F1

Le patron de Ferrari «pas d’accord» avec la pénalité contre Vettel au GP du Canada

Le patron de Ferrari «pas d’accord» avec la pénalité contre Vettel au GP du Canada

«Nous sommes très déçus de ce qui s’est passé», a déclaré Mattia Binotto. AFP

Ferrari a décidé d’aller en appel de la pénalité controversée de cinq secondes infligées à Sébastian Vettel, qui avait franchi la ligne d’arrivée en première position au Grand Prix du Canada de Formule 1 dimanche. Une sanction qui a coûté la victoire à l’Allemand au profit du Britannique Lewis Hamilton (Mercedes).
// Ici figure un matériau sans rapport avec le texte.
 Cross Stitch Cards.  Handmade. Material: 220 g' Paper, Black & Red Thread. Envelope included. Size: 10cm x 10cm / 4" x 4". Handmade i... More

«C’est leur décision (aux commissaires de course, ndlr) mais nous ne sommes certainement pas contents et nous ne sommes pas d’accord», a expliqué l’Italien Mattia Binotto, team principal de Ferrari.

«De notre point de vue, Sebastian n’aurait rien pu faire d’autre que ce qu’il a fait. Il a eu de la chance de rester sur la piste. Ce n’était pas du tout intentionnel ce qu’il a fait (...) Nous ne sommes pas d’accord avec cette décision, sans aucun doute, mais nous avons tous notre propre avis, le public a son propre avis sur la question. Nous sommes très déçus de ce qui s’est passé. Il y a déjà eu des situations similaires par le passé qui n’ont pas été jugées comme aujourd’hui. Donc je ne crois pas que la bonne décision a été prise mais ce n’est pas grave».
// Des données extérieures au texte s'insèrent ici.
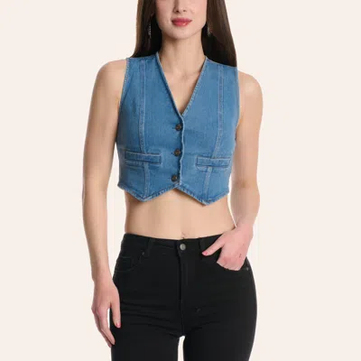 Women's Medium Wash Cropped Denim Vest In Blue

De son côté Mercedes demande de respecter la décision des commissaires. «Ce fut un week-end compliqué pour nous et une drôle de façon de finir la course. Les commissaires se sont penchés sur l’incident entre Sebastian (Vettel) et Lewis (Hamilton) et je pense qu’il faut respecter leur décision. Quelques fois, les décisions vont contre vous, quelques fois elles sont en votre faveur. Ca n’est jamais noir et blanc et tout le monde aura une opinion différente et bien sûr je respecte cela», a commenté de son côté l’Autrichien Toto Wolff, team principal de Mercedes).»
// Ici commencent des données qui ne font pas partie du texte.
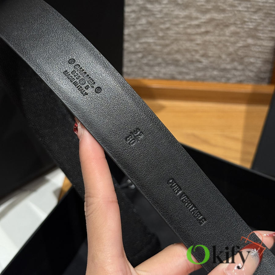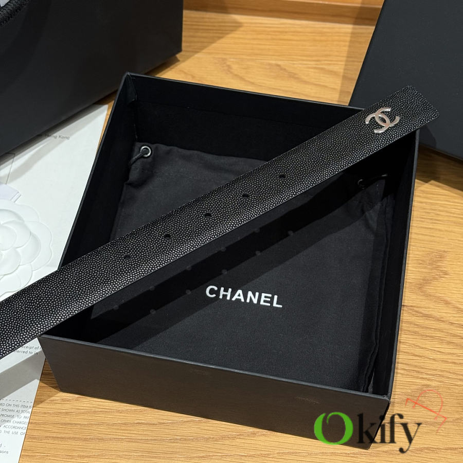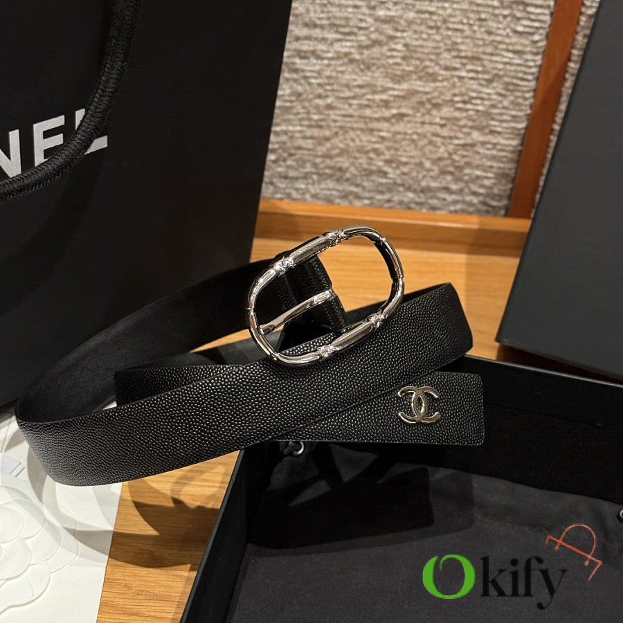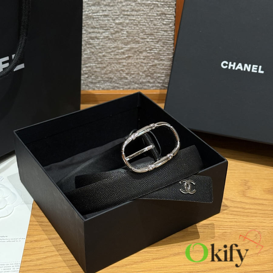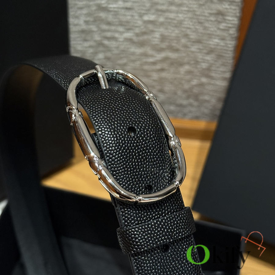 Okify CC Black Grain Belt Silver Hardware 3cm

«Ca n’est absolument pas la façon dont je voulais gagner», a avoué de son côté le Britannique Lewis Hamilton. «Dans mes souvenirs, quand je suis sorti du virage, j’étais plus rapide et j’essayais juste d’exercer de la pression sur Seb. Premièrement pour essayer de m’approcher assez près, deuxièmement pour le pousser à l’erreur. Ce n’est pas souvent qu’on peut pousser un quadruple champion du monde à commettre une erreur mais c’est arrivé et je me suis dis: +ok, c’est l’opportunité que j’attendais+. J’ai donc pris le virage comme d’habitude, sur la trajectoire. L’écart s’est refermé, j’ai cru qu’on allait s’accrocher, alors j’ai dû freiner et relâcher l’accélérateur pour éviter une collision. Heureusement, nous l’avons évitée. Mais de toute évidence, c’était une occasion unique. Ensuite, l’écart s’est rouvert parce que j’avais freiné pour l’éviter. Et quand j’ai appris qu’il écopait d’une pénalité, j’ai continué à pousser parce que je me disais: +peut-être qu’on peut encore gagner cette course+. (...) Naturellement, ça n’est absolument pas la façon dont je voulais gagner. (...) C’est malheureux mais c’est la course automobile».